Post-intermission found the artists in lighter fare. Jones brought wonderful phrasing and rhythmic verve to three rags by Scot Joplin: “The Easy Winners,” “Ragtime Dance,” and, as an encore, “Maple Leaf Rag.” “Ragtime Dance” featured Jones’ foot stomping!

Outlaw brought plenty of humor to Cole Porter’s “A Tale of the Oyster,” in which the social-climbing oyster ends the story with “I had a taste of society and society had a taste of me!” This had the audience in stitches!

Two George Gershwin selections – Jake’s aria “A Woman is a Sometimes Thing,” from Porgy and Bess, and an infectious performance of “It’s just Another Rhumba” – were delivered with great panache.

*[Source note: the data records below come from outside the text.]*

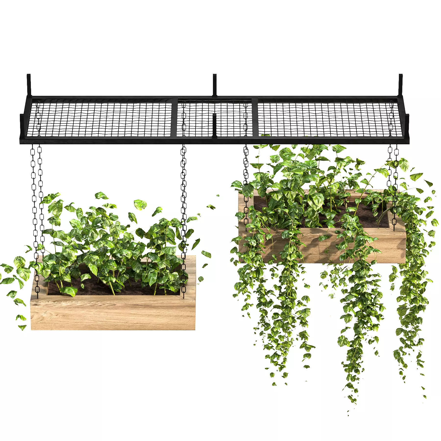 This model features a modern hanging planter system designed for ceiling-mounted interior greenery installations. It includes a black metal grid frame suspended by hooks, supporting two wooden planter boxes filled with detailed, lush foliage. One planter contains a compact, upright leaf arrangement, while the other showcases long, cascading vines that add a natural flowing effect.
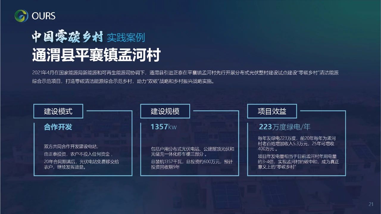 乡村作为国家重要组成部分,乡村减排、乡村碳中和将在国家实现双碳目标的进程中扮演举足轻重的角色。构建“中国零碳乡村”,是双碳目标下实现乡村振兴的必然结果,带给农村能源前所未有的发展机遇,将直接影响中国能源革命实际进程和最终成效。
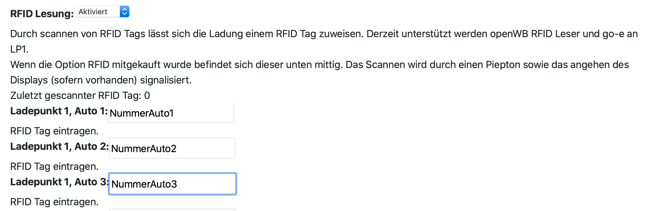 Ich bin nun stolzer Besitzer einer openWB und es funktioniert toll mit PV etc. Aber was ich echt nicht durchschaue ist das RFID Modul... Was muss man da eintragen? Ich habe 5 Schlüsselanhänger und alles was ich eigentlich will ist diese den Fahrzeugen zusortieren um Ende des Monats das Ladelog ordentlich zugewiesen zu haben. Damit das Finanzamt auch zufrieden ist.
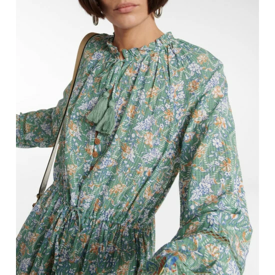 Prepare for languid summer days with the Danica floral minidress from Veronica Beard. It’s made from a cotton blend with bohemian tassels at the frilled neck and drawstring waist.
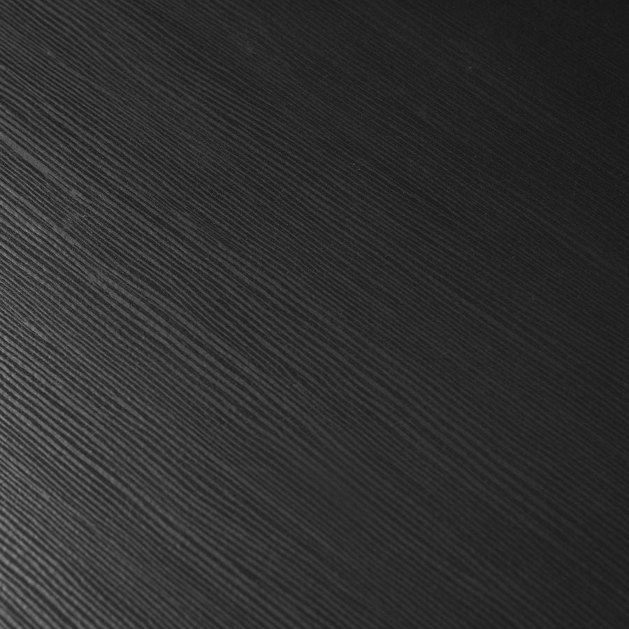 - Solid engineered wood table top with laminated veneer in a black wood grain
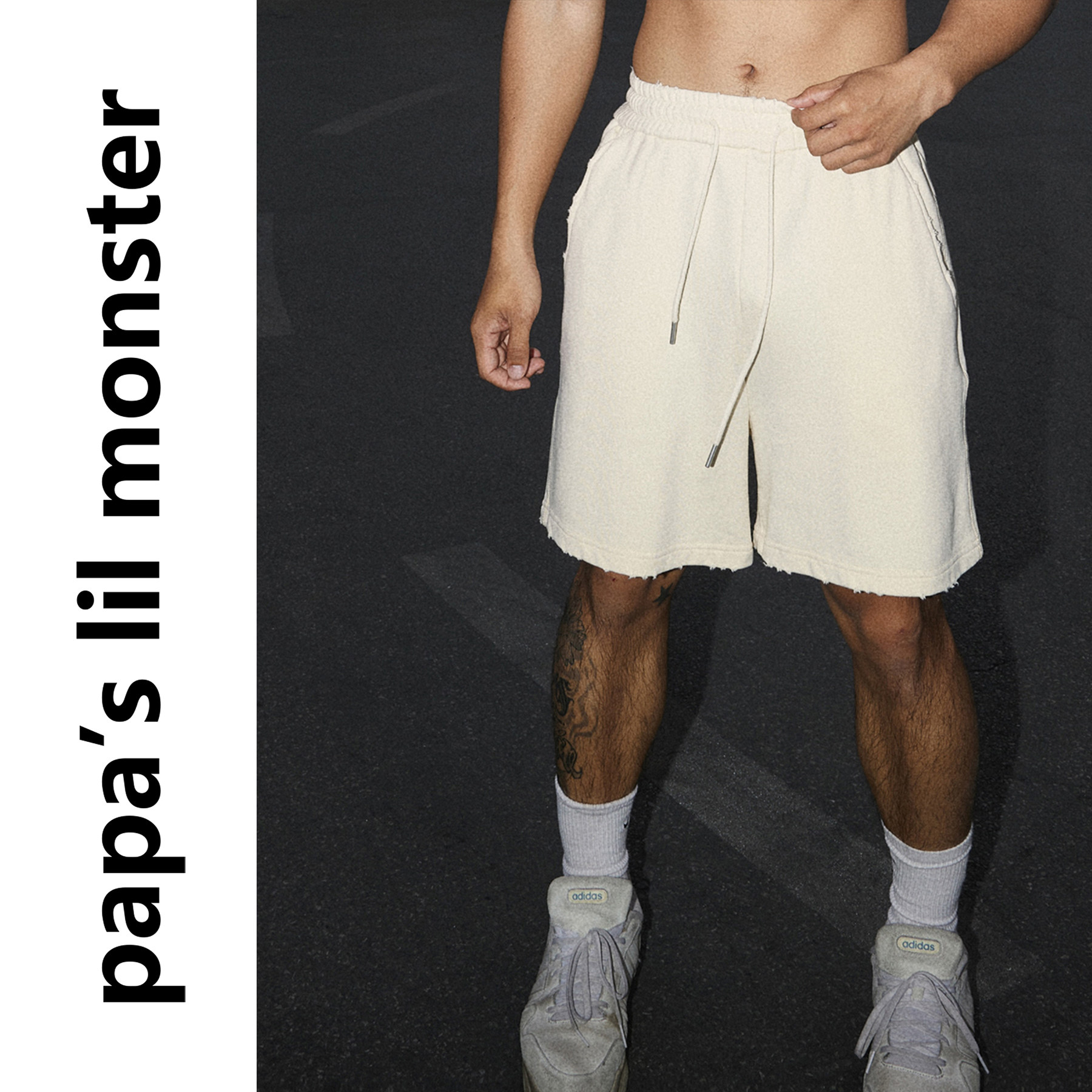 PAPASLILMONSTER American edging distressed sports loose cropped pants fitness versatile casual shorts for men

Both artists pulled out all the stops for a torrid “Night and Day” by Porter. Afterwards Outlaw said he had always wanted to “swoon and drag it out like that in front of all of his professors!”

Traditional gospel fare brought the concert to a close with dignity and feeling. “There is Balm in Gilead” was followed by Hall Johnson’s “Witness” and “A City Called Heaven.” Jones’ piano rhythm depicted the chugging of a train and he vocalized the train’s conductor calling in Henrietta Simpson’s “Git on Board!!!”

A prolonged standing ovation, well and truly earned, was rewarded by three encores, including the aforementioned “Maple Leaf Rag,” “Over my head I hear Music in the Air” sung a cappella by Outlaw, and Jones and Outlaw together in “Deep River.”